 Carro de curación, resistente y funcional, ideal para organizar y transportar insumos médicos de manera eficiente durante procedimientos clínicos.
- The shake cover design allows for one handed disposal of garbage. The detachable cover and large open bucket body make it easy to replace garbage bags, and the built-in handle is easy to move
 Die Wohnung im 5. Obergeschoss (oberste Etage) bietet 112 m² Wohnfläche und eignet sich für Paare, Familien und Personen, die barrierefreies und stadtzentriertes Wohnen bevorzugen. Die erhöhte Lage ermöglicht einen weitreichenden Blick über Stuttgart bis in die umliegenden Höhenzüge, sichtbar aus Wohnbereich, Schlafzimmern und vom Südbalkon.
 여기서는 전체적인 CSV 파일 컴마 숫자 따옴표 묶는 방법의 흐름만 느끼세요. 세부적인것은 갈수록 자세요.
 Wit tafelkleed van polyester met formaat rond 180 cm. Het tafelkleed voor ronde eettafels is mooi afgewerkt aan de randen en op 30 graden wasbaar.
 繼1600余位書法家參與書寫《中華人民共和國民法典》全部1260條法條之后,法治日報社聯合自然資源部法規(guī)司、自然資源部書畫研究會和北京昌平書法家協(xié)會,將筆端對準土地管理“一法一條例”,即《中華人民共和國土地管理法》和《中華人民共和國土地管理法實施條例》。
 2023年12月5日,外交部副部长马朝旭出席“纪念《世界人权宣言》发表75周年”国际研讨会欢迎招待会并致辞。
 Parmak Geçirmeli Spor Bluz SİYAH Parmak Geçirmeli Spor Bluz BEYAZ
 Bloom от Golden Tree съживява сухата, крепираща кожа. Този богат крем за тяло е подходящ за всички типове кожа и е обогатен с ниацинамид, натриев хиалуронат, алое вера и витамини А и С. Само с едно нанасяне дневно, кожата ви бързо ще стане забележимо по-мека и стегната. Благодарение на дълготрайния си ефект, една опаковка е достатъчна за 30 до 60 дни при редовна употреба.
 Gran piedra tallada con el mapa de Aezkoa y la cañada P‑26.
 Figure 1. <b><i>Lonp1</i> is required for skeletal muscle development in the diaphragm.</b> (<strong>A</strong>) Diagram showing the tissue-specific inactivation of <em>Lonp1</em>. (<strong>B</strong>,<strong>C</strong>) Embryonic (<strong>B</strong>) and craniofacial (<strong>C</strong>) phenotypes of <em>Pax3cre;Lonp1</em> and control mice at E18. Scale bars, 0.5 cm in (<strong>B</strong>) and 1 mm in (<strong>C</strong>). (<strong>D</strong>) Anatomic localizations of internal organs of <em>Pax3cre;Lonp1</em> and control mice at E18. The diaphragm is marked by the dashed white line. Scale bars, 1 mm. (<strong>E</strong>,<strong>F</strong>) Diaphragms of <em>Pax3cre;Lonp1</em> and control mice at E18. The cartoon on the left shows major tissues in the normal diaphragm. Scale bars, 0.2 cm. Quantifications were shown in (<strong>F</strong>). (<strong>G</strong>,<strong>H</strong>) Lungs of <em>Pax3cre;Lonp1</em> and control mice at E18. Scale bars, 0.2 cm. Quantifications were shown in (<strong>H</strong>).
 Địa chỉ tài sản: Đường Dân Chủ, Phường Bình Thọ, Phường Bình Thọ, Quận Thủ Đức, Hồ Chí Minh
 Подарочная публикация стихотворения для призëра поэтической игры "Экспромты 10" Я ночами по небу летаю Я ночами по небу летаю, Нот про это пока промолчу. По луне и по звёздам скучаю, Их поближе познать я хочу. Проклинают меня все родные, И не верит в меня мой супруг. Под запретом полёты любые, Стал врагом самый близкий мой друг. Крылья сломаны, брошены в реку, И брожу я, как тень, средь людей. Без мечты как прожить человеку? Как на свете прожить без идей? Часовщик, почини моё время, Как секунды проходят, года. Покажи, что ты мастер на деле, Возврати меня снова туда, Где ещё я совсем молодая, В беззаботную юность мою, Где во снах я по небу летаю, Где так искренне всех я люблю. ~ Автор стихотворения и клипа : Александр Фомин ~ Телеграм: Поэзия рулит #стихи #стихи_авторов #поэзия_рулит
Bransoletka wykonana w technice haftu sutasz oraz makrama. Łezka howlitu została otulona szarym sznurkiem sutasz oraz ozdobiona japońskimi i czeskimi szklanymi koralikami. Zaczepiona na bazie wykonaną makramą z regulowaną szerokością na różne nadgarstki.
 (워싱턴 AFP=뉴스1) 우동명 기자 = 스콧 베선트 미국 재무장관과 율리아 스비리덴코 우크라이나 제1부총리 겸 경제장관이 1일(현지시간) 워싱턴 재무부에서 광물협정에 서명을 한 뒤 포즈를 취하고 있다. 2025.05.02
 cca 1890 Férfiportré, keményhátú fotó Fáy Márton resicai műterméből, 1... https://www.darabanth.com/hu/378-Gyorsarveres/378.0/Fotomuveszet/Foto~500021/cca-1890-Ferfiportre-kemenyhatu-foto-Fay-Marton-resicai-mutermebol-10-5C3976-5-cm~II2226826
__________
Exercise details -> In the listing above, find the line with "Gran piedra tallada" and the line with "Подарочная публикация стихотворения". Output those two lines and every line between them, exactly as written.

Answer area ->
 Gran piedra tallada con el mapa de Aezkoa y la cañada P‑26.
 Figure 1. <b><i>Lonp1</i> is required for skeletal muscle development in the diaphragm.</b> (<strong>A</strong>) Diagram showing the tissue-specific inactivation of <em>Lonp1</em>. (<strong>B</strong>,<strong>C</strong>) Embryonic (<strong>B</strong>) and craniofacial (<strong>C</strong>) phenotypes of <em>Pax3cre;Lonp1</em> and control mice at E18. Scale bars, 0.5 cm in (<strong>B</strong>) and 1 mm in (<strong>C</strong>). (<strong>D</strong>) Anatomic localizations of internal organs of <em>Pax3cre;Lonp1</em> and control mice at E18. The diaphragm is marked by the dashed white line. Scale bars, 1 mm. (<strong>E</strong>,<strong>F</strong>) Diaphragms of <em>Pax3cre;Lonp1</em> and control mice at E18. The cartoon on the left shows major tissues in the normal diaphragm. Scale bars, 0.2 cm. Quantifications were shown in (<strong>F</strong>). (<strong>G</strong>,<strong>H</strong>) Lungs of <em>Pax3cre;Lonp1</em> and control mice at E18. Scale bars, 0.2 cm. Quantifications were shown in (<strong>H</strong>).
 Địa chỉ tài sản: Đường Dân Chủ, Phường Bình Thọ, Phường Bình Thọ, Quận Thủ Đức, Hồ Chí Minh
 Подарочная публикация стихотворения для призëра поэтической игры "Экспромты 10" Я ночами по небу летаю Я ночами по небу летаю, Нот про это пока промолчу. По луне и по звёздам скучаю, Их поближе познать я хочу. Проклинают меня все родные, И не верит в меня мой супруг. Под запретом полёты любые, Стал врагом самый близкий мой друг. Крылья сломаны, брошены в реку, И брожу я, как тень, средь людей. Без мечты как прожить человеку? Как на свете прожить без идей? Часовщик, почини моё время, Как секунды проходят, года. Покажи, что ты мастер на деле, Возврати меня снова туда, Где ещё я совсем молодая, В беззаботную юность мою, Где во снах я по небу летаю, Где так искренне всех я люблю. ~ Автор стихотворения и клипа : Александр Фомин ~ Телеграм: Поэзия рулит #стихи #стихи_авторов #поэзия_рулит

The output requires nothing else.